Friday, February 11, 2011

Salgãocar FC Were Coming to Town

February 11, 1999 was the day I had been waiting for all my life. It was my last day of school and, more importantly, Salgãocar FC were coming to town. Graduation party happened in the afternoon, as always, in the big art room with bamboo mats covering the floor and newspaper covering the windows. I remember every detail of my outfit that day. Blue and white Nike sneakers; tan corduroy trousers that used to be my brother’s and, therefore, had to be held up at the waist with a black belt; black tank top; and a light blue cardigan sweater that belonged to my mother in Paris and was over 12 years old. (Improbably, it was a pretty good look as far as the Orphan Annie couture of the day went.)

No one was leaving on the bus, this being the decadent high spot of our wilderness-school lives; everyone was staying later. But I got my backpack and slipped out at 4:00. For want of a better plan, I got off the bus at Richmond Circle and walked the entire length of Residency Road to get to the Park Residency Hotel. Indian football could only be mourned in the sad clichés of Deccan Herald sportswriters.

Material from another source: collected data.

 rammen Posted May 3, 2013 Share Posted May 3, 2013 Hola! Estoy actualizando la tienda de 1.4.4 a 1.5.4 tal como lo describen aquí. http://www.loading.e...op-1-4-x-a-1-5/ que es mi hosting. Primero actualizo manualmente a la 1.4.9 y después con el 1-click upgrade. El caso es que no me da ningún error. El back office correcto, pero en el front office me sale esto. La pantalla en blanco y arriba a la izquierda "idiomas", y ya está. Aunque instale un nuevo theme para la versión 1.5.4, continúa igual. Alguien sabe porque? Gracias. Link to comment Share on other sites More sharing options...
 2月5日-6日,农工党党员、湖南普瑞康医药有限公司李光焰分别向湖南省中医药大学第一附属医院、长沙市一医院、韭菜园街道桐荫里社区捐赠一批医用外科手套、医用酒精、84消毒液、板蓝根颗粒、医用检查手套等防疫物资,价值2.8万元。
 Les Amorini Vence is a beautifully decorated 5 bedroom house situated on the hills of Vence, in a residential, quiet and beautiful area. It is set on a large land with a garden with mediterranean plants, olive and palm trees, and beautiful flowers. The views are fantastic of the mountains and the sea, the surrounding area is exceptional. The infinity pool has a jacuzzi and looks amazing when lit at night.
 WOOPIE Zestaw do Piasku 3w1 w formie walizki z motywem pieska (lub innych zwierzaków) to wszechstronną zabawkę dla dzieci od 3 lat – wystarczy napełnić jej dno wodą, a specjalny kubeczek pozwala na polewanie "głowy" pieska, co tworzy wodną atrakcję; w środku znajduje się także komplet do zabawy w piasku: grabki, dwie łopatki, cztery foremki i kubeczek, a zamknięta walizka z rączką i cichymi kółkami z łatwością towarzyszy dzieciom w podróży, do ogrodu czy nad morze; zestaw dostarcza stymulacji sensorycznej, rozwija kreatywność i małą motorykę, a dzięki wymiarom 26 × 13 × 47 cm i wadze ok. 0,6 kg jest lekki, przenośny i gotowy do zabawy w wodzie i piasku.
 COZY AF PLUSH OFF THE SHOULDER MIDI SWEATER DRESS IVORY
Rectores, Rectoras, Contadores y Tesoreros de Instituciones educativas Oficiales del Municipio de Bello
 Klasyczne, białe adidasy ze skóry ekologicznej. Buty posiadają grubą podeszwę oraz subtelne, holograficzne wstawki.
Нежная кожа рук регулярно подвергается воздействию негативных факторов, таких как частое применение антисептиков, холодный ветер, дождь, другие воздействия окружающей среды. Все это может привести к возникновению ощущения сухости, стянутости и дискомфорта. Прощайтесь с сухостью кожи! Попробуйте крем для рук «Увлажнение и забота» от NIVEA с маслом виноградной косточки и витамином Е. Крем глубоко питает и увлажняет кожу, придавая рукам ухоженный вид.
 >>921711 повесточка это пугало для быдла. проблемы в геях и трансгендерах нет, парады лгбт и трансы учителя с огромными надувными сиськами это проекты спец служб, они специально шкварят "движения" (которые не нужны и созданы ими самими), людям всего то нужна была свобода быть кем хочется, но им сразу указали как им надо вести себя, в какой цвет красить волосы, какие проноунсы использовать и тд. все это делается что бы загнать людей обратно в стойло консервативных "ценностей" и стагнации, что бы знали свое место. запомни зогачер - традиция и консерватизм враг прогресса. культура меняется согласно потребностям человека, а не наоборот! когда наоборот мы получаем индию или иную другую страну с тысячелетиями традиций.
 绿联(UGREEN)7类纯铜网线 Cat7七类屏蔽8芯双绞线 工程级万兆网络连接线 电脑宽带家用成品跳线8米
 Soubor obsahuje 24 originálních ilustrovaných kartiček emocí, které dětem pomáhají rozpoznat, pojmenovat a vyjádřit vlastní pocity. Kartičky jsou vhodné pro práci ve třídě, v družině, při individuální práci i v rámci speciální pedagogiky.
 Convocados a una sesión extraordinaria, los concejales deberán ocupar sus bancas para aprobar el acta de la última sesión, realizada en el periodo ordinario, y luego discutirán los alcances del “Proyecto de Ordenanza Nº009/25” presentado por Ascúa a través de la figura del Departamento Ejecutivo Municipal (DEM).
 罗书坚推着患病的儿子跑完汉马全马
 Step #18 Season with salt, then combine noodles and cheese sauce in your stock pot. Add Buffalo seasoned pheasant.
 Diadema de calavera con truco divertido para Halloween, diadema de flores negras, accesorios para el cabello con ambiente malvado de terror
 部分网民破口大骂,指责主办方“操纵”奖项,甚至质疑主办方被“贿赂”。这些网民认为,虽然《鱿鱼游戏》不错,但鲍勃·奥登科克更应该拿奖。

It was unfavored by the media and the despair of its few meagre sponsors. There were four miniscule regions of the country where football meant anything, and Bangalore was not one of them. But to me the stadiums, the fixtures, the transfer rumours, Amal Dutta's Diamond formation, the struggle, and the glory were a heart-racing obsession in those years, and Salgãocar of Goa were my most favorite club. They were here to play what were referred to as (but never with much enthusiasm) “local giants,” ITI, in just the second or third ever National Football League.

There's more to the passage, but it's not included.